ACTIVITY —
Only an exact repetition of the lines from the one holding "Above: Flickertail member" to the end of the data is wanted, with pictures left out.

Stored data entries
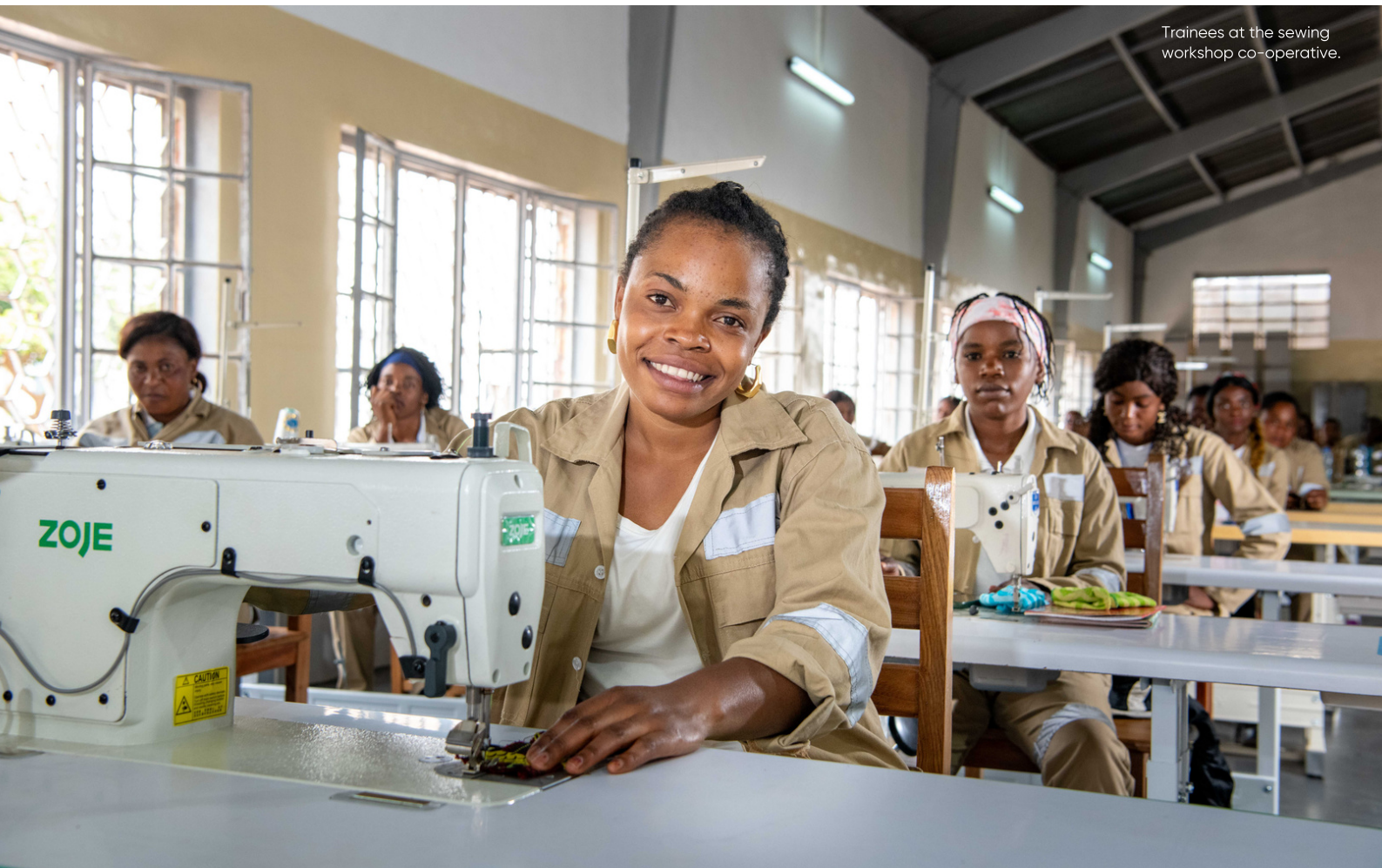
Trainees at the sewing workshop co-operative.
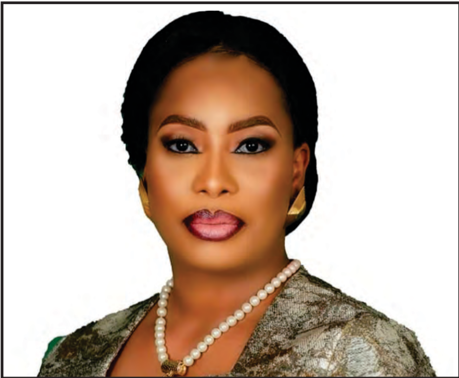
Hon. Mojisola Alli-Macaulay

House of Assembly, representing Amuwo-Odofin Constituency I said that as a female representative, one has to go extra mile in convincing the people as a preliminary awareness have been created, but the capability of each individuals determines their success and support from all. She further encouraged all female aspirants to have their specific aim and objectives and work towards achieving it to distinct them from other candidates.
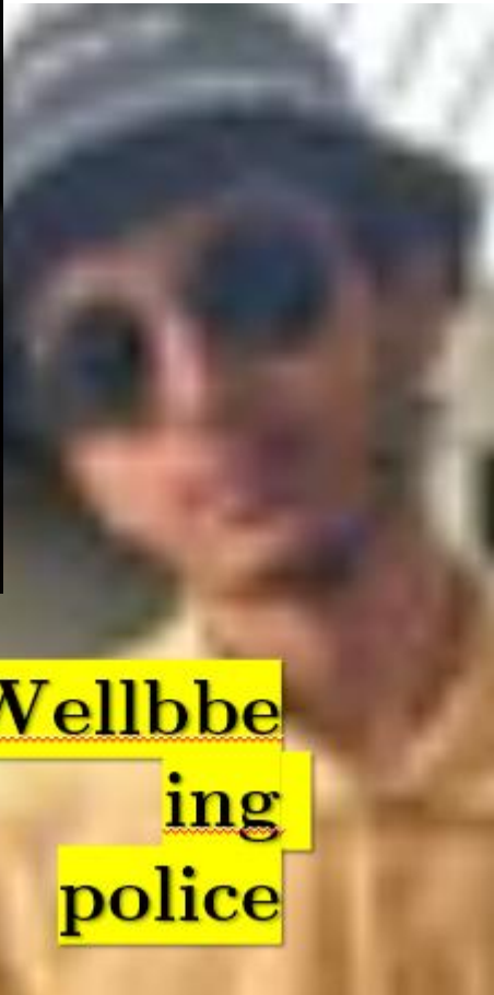
Wellbber ing police
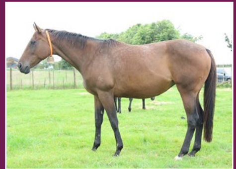
UNRESERVED RESET MARE IN FOAL TO PINS.
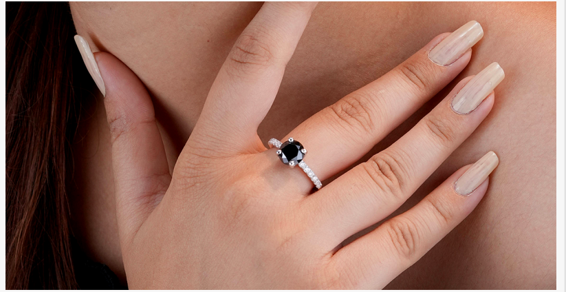
black diamond rings4

To celebrate the launch, Gemone Diamonds is offering a limited-time discount on all black diamond rings. Customers can explore the collection and take advantage of this offer by visiting the official website at Gemonediamond.com
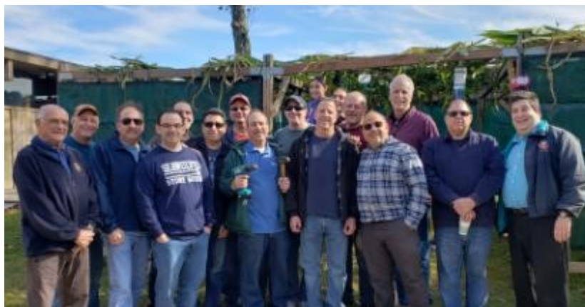
The Brotherhood Sukkah Construction Crew and the finished project
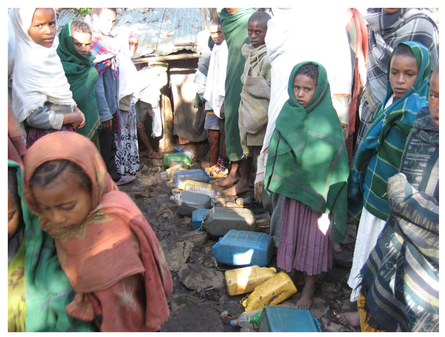
Fig. 2. Gish Abay or the Source of the Blue Nile in Ethiopia.

headwaters. The name of the first is the Pishon; it winds through the entire land of Havilah, where there is gold. The name of the second river is the Gihon; it winds through the entire land of Cush. The name of the third river is the Tigris; it runs along the east side of Asshur. And the fourth river is the Euphrates. (Genesis 2:11–14)
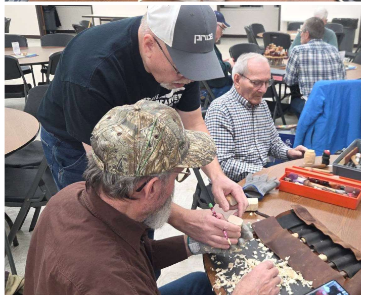
Above: Flickertail member work on their penguins.
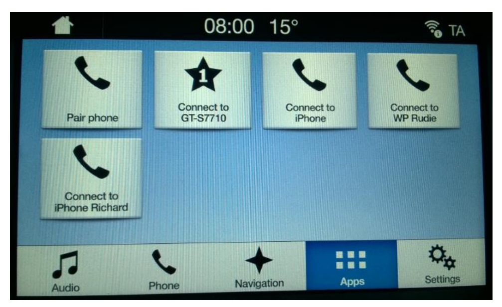
Figure 3. Pairing of phone and car computer using Bluetooth connection<sup>11</sup>

For building WLAN networks, we can use the Bluetooth capability as well, but generally this connection is used between 2 assets directly. It is because of the short effective range of this solution, which is typically some 10 meters. For example, this type of connection is used to pair a car computer with our smartphone.
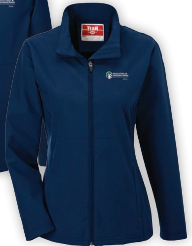
Soft Shell Jacket, ENG12 $74.99

ANSWER AREA —
Above: Flickertail member work on their penguins.
Figure 3. Pairing of phone and car computer using Bluetooth connection<sup>11</sup>

For building WLAN networks, we can use the Bluetooth capability as well, but generally this connection is used between 2 assets directly. It is because of the short effective range of this solution, which is typically some 10 meters. For example, this type of connection is used to pair a car computer with our smartphone.
Soft Shell Jacket, ENG12 $74.99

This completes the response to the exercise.